In thinking about crystal, I can’t help thinking from the outset about refractions and reflections, and visual phenomenology that enter my way of then describing my responses to poems: I seem to need to shade my eyes occasionally already from light flashing and glinting off the surface of these poems’ constantly moving syntax. In this way, they seem similar to Meredith’s work. But in so many ways, curiously dissimilar, distinct. Tonight we begin to move into the inevitable practice of comparison, one poetry to another, and we’ll find ourselves seeing qualities in Michael’s work that were not present or were handled differently in Meredith’s. I like to think of this as generative context building, instead of an occasion for ranking. As you read and put these poetries into a spectral relationship with all the other poetries we look at this term, and all the poetries you know, I’m hoping that this learning is a process, too, of dislocations and deformations, as much about fit as about the interesting misfit of tongue to taste, responses that trigger new nodes of thought, new content in the mailbox, new patterns on the keyboard.
5.
For what happens to language when we are lost? When I read Influency registrant Chantal Perrot’s response this weekend I heard many of the particular habits of lostness, its diction: repetitions through which the speaker tries to ground and anchor, questions seeking some form of answer, fragments as if the full statement is too dizzy to complete itself, appeals where the voice rises as if into a distance, probing it, cadent cries where gravitas pulls voice back to earth, proclamations of bravery against the dark, then howls, just howls into reverberant cosmos. And it is this labour that lands you somewhere in the land of the living, instead of the field of the zombies.

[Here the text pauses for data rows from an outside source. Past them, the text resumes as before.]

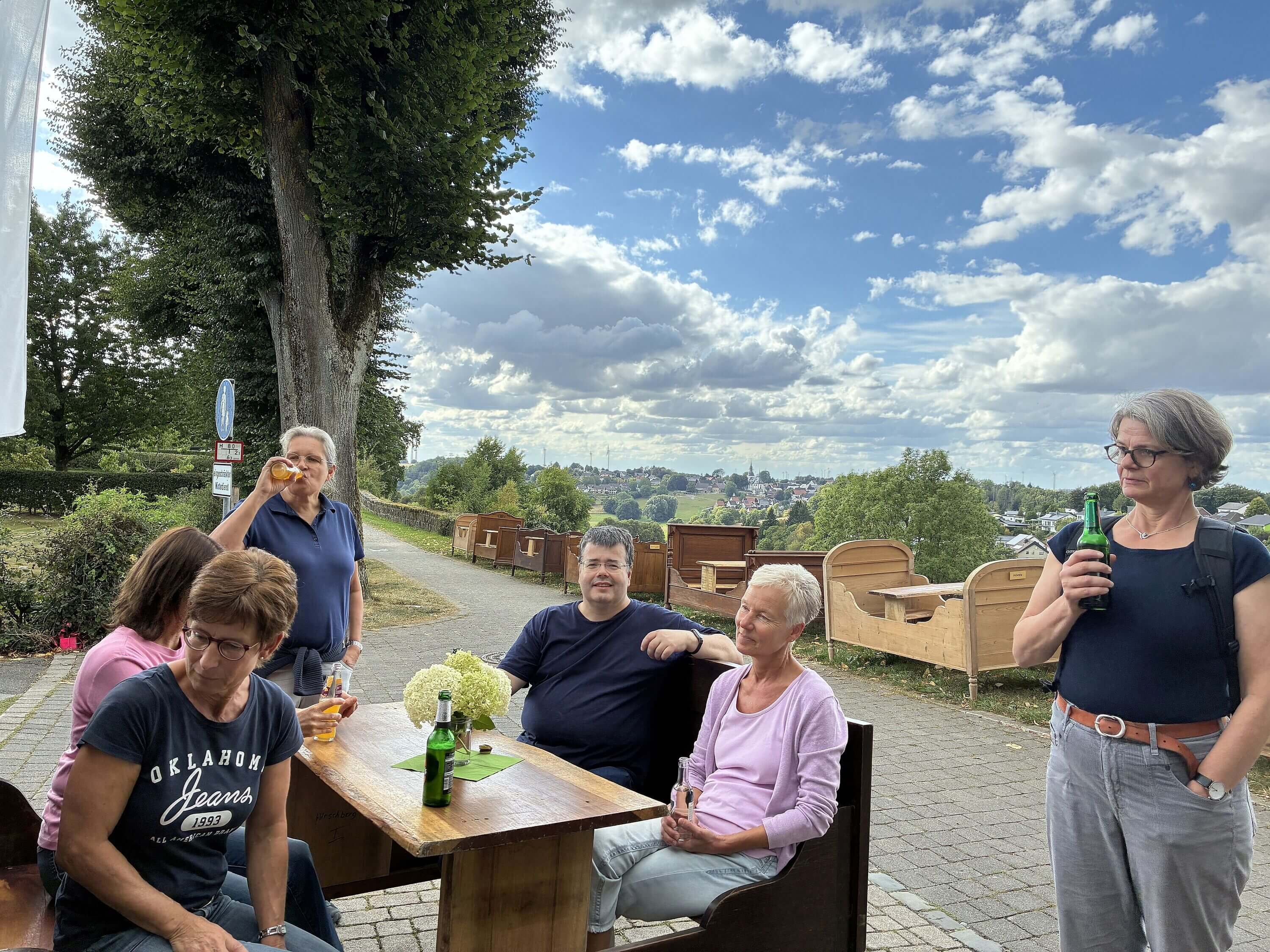 Die aktiven Mitglieder der Wandergruppe und der Trekkinggruppe werden am 30.08. und am 31.08. ein Bettencafé betreiben. Bei selbstgebackenem Platenkuchen, Kaffee und kalten Getränken kann man den Blick über die Stadtmauer nach Altenrüthen genießen.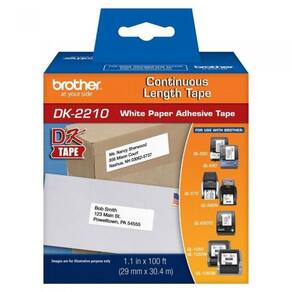 A etiqueta brother DK 2210 possui 29mm de largura e o rolo tem comprimento de 30,48m.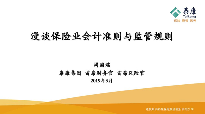 近日,泰康集团执行副总裁兼CFO周国端先生受邀参加“FT高端视点”活动并发表《漫谈保险业会计准则和监管规则对中国保险市场未来的影响》的演讲,清晰的解释了保险公司的价值也直拳面对当前行业的诸多问题,全程直球,让小编深受启迪,很想跟大家分享一下~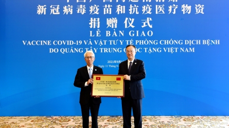 (VOVWORLD) -广西决定向越南各地赠送总值为970万美元的医疗物资,其中包括80万剂中国国药疫苗。越南驻中国大使范星梅感谢广西壮族自治区政府和人民向越南各地提供的及时和宝贵帮助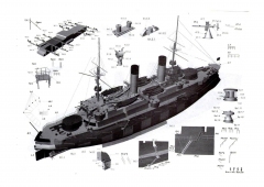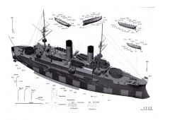 Описание: 20 листов цветных выкроек и инструкций для изготовления бумажной модели броненосца «Орёл» 1904 год
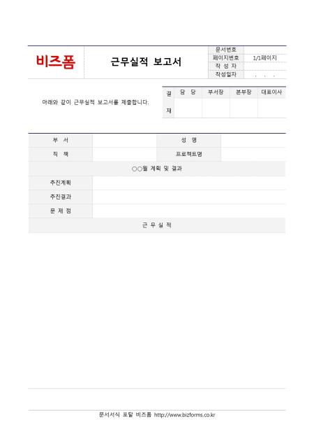 근무실적보고서 입니다. 개인 근무실적관리에 사용되고 있습니다.

Is being lost being in transit from one known to another known, mediated by a panic that this act of relocation cannot and will not be completed? Think of the figures of speech we use to express bewilderment: “I’m not sure I follow you.” “But where are we going with this?” And the plaintive, “Um, are you with me?” Well, let’s get lost some more, this time, in crystal.
Boughn, Michael. Dislocations in Crystal. Toronto: Coach House Books, 2003. Print.
Perrot. Chantal. “xxx words and counting.” Influency Salon, issue 2, May 2010, http://www.influencysalon.ca.
Quartermain, Meredith. Matter. Toronto: BookThug, 2008. Print.